Reporting wasn’t Thomas’s only love. In 1988, Thomas Thomas was appointed returning officer with Elections Canada for the federal riding of Parry Sound-Muskoka, a position he held until 1995, overseeing two successful federal elections and one national referendum.
It was during this position that he began his friendship with Greaves, who was hired by Thomas in 1988 as assistant returning officer.
Thomas also served for a time as president of the Huntsville Rotary Club for a term and was a recipient of the Paul Harris Fellowship Award, one of Rotary’s highest honours.

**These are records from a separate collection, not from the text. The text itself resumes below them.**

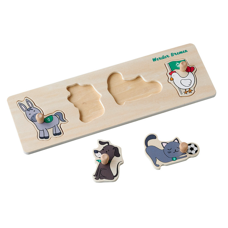Produktdetails Grün-weißer Spielspaß für die Kleinen. Das schöne SV Werder Bremen Holzpuzzle besteht aus 4 Teilen und die dürften den Werder-Kennern bekannt vorkommen: Die Bremer Stadtmusikanten.Das hölzerne Puzzle ist das perfekte Einstiegsspielzeug für die Kids. Damit wird spielerisch gelernt und zwar auch, dass der SV Werder und die Hansestadt Bremen einfach zusammengehören. Alle Mitglieder der Musikanten haben mindestens ein Fan-Utensil an sich, wie zum Beispiel der Esel einen Werder-Sattel oder der Hahn eine Werder-Fahne. Die Formen der Puzzleteile sind eindeutig, sodass die Kleinen spielerisch lernen, was es bedeutet zu puzzeln. Durch die Produktion aus Lindensperrholz hat das Spiel eine angenehme Haptik. Werder im Detail: auf den Fan-Artikeln der Bremer Stadtmusikanten findet sich jeweils eine Werder-Raute. Abgerundet wird das Puzzle durch den grünen „Werder Bremen“-Schriftzug auf der Vorderseite und somit vereinsverbundene Akzente setzt. #KinderzimmerDas Puzzle lässt keinen Zweifel daran, für welchen Verein dein Herz und das deines Nachwuchses schlägt: unseren SV Werder Bremen. So fällt es leicht seine Liebe zum Verein und der Hansestadt Bremen zu zeigen.Besonderheiten Holzpuzzle im Bremer Stadtmusikanten – Design Werder-Raute als kleine Details “Werder Bremen“-Schriftzug auf der Vorderseite Angaben zum Hersteller Werder Bremen Merchandising GmbH Hoerneckestraße 11/13 DE-28217 Bremenfanshop@werder.de
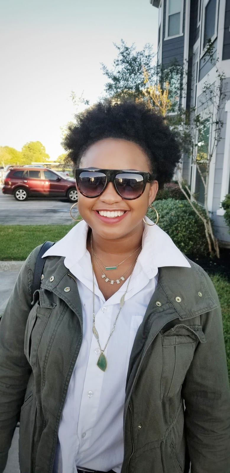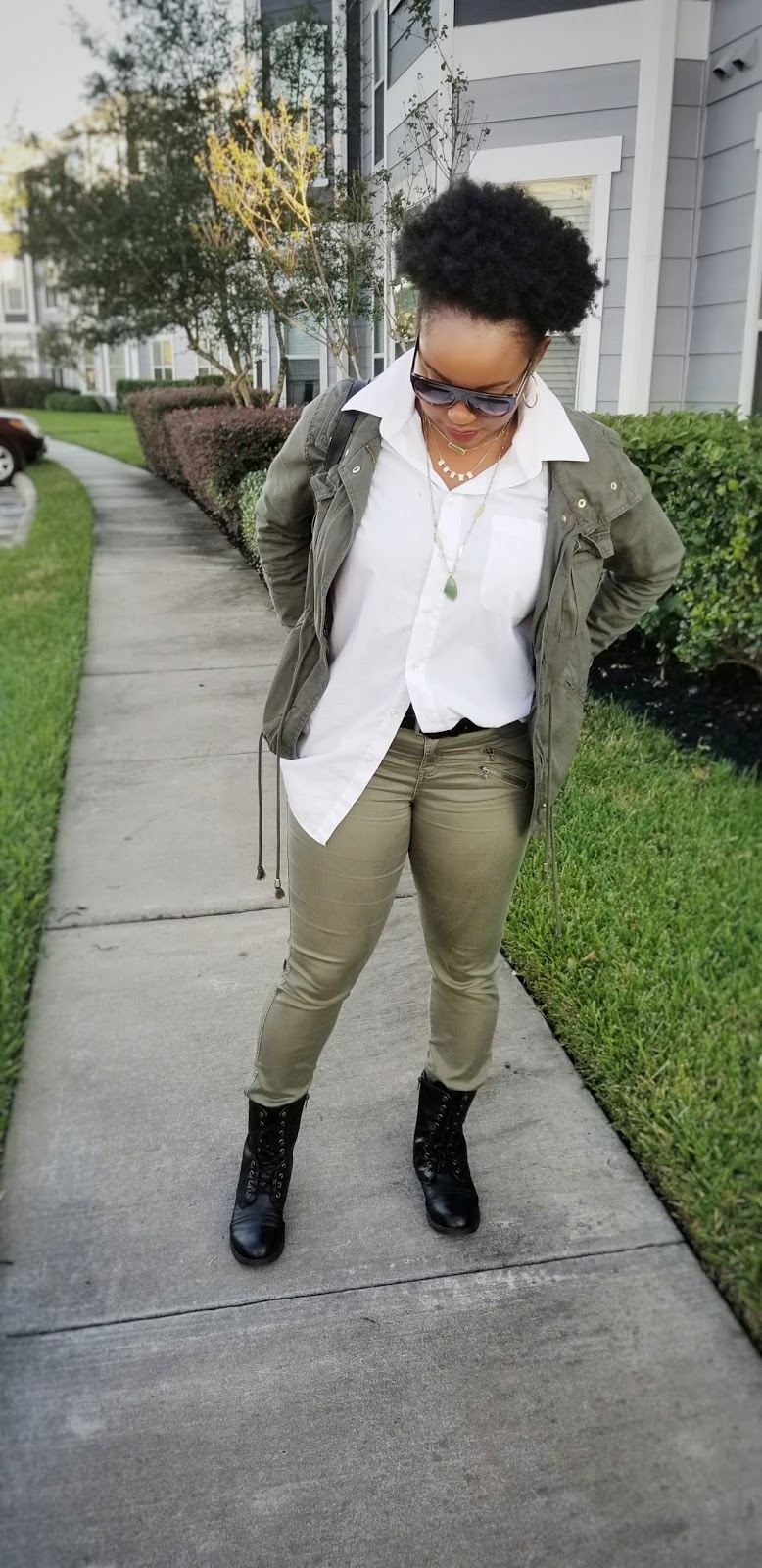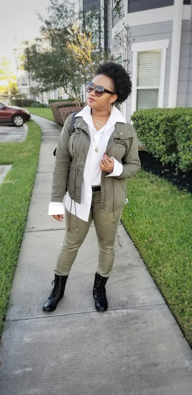 Happy hump day sweetie pies! For today’s post I am sharing this outfit that I wore last week. I wanted to wear this utilitarian jacket and I figured why not offer to wear it with some olive pants and oversized button down? I created the side tuck so that the shirt wouldn’t overwhelm my frame. Plus I don’t want to look like a bag lady. I wanted to keep this look a little tough so I opted for these boots – plus they are comfortable! I threw on my backpack purse and completed the look with these sunnies, layered gold jewelry and a red lip. The red lip allowed me the feminine touch that I wanted while keeping the rest of my outfit casual with a slight edge. The best tip when layering necklaces is to opt for various lengths so that it doesn’t overwhelm the look or come off tacky.
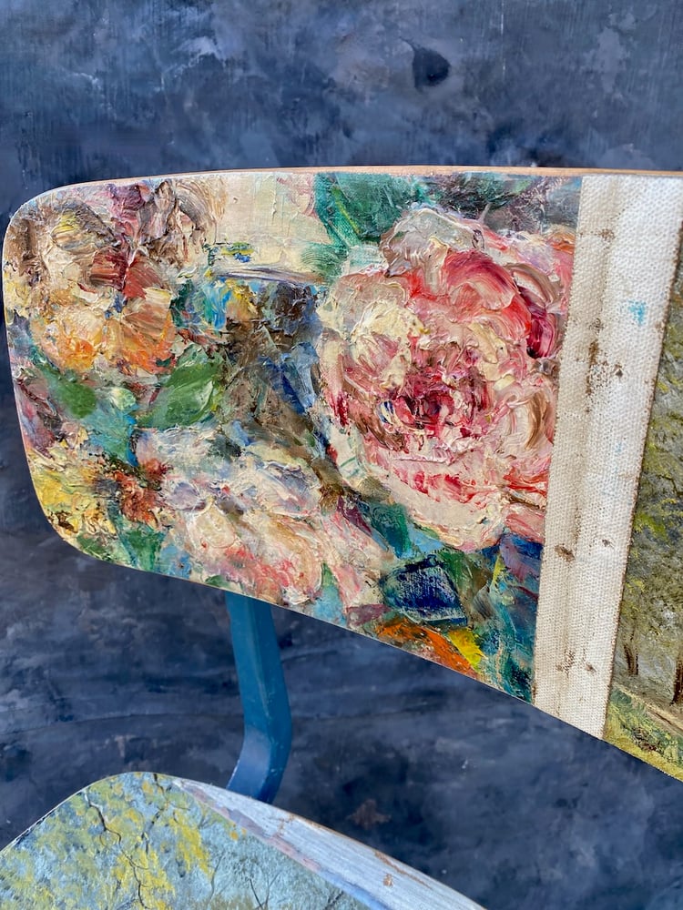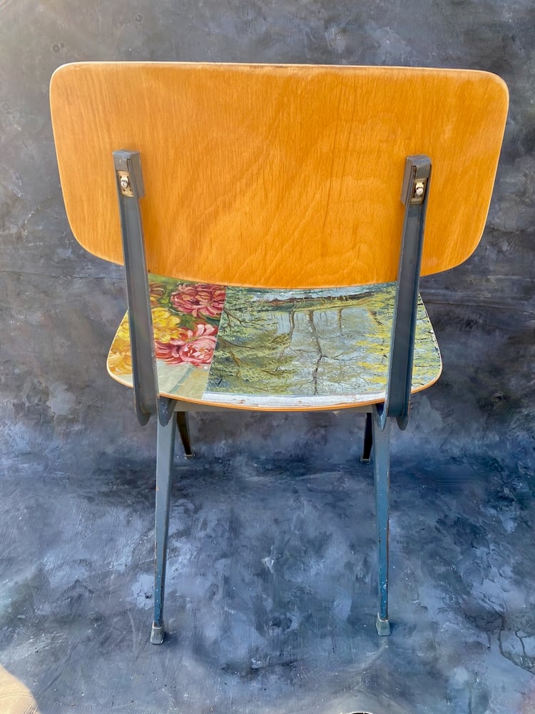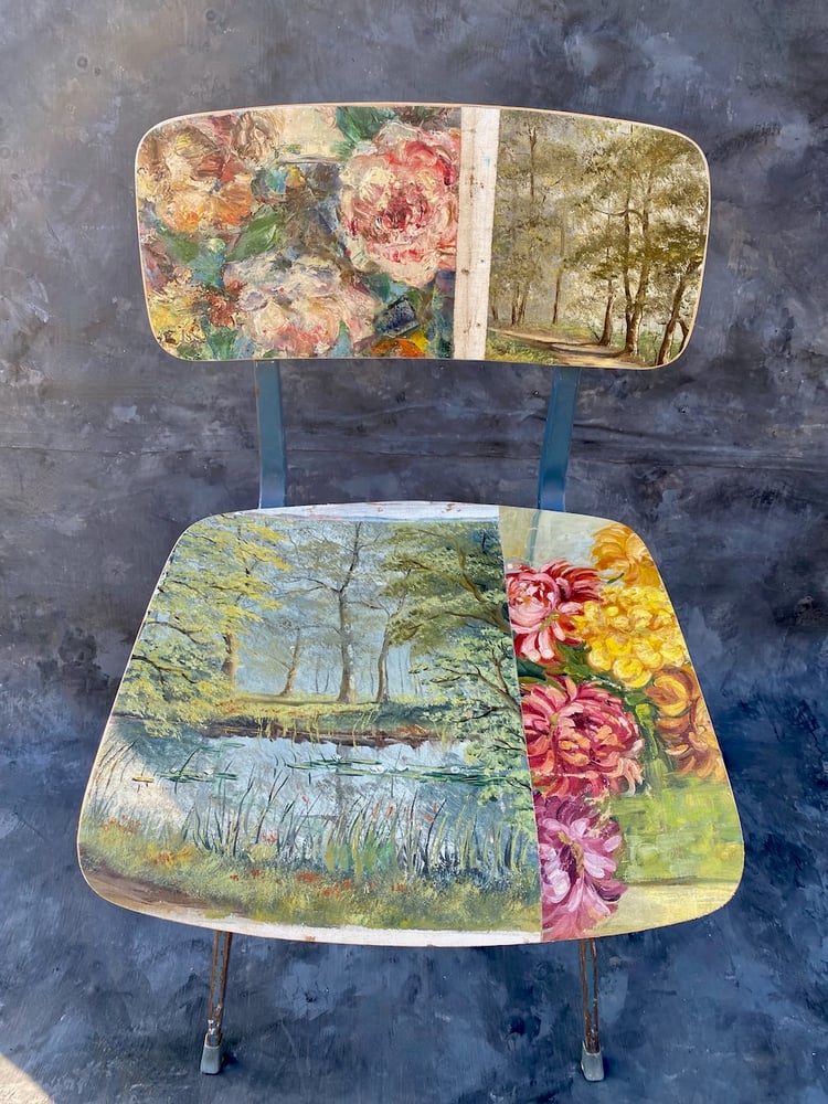 IMAGINE A FAVORITE CANVAS SLIDING OFF THE WALL AND SEEPING OVER YOUR DINING CHAIRS. SWARM’S BESPOKE CHAIRS UTILIzE MID CENTURY AND SCHOOLHOUSE CHAIRS TO REINVENT THE SURFACE AND CREATE A DECORATIVE ELEMENT TO INTERIORS. VINTAGE PAINTINGS ARE GATHERED FROM MARKETS IN BELGIUM, NETHERLANDS AND FRANCE - THEN COLLAGED, SANDED AND SEALED.

He could also be found playing key roles in all of the communities’ major Rotary Club Broadway shows as well as in local plays.
He was also a long-time member of the Royal Canadian Legion Brach 232, Huntsville. In recent years Thomas has been inducted into the Huntsville Sports Hall of Fame as a builder. The Town of Huntsville Parks and recreation committee recently named the sound booth in the Jack Bionda Arena the Garth Thomas Booth in recognition of his many hockey and lacrosse broadcasts.
With the arrival of the Winter Games Olympic Torch in Huntsville in 2010, Thomas was one of 25 Huntsville citizens honored at a ceremony hosted by the Town of Huntsville.
In retrospect, Thomas said in 2009 that he has had many careers. But being in Huntsville has been his only career highlight.
“I mean that. Just being connected with this town is it for me,” he was quoted as saying back then.
Thomas called it quits on his radio career on Oct. 19, 2009 saying that the industry had started to pass him by and he was tired.
A lifelong bachelor, Thomas had no family, but Greaves said the residents of Huntsville “are his immediate family.”
“For me, the greatest legacy he has left is his willingness and ability to promote and give a special time to so many people in this town. He loved to entertain and to be colourful. He had no ego whatsoever. If there was a young boy or girl who had done something special in sports, maybe an average player, you did something noteworthy, Thomas noticed you on the radio. They will always have that bit of memory, thanks to Thomas.”
Visitation for Thomas Thomas will be tonight, Wednesday, starting at 7 p.m. at Mitchell Funeral Home. There will be a celebration of Thomas’s life on Thursday at the Huntsville legion at 11 a.m.
In lieu of flowers, Thomas wanted people to make donations in his memory directly to the Huntsville District Memorial Hospital, the Huntsville fire department and Hospice Huntsville.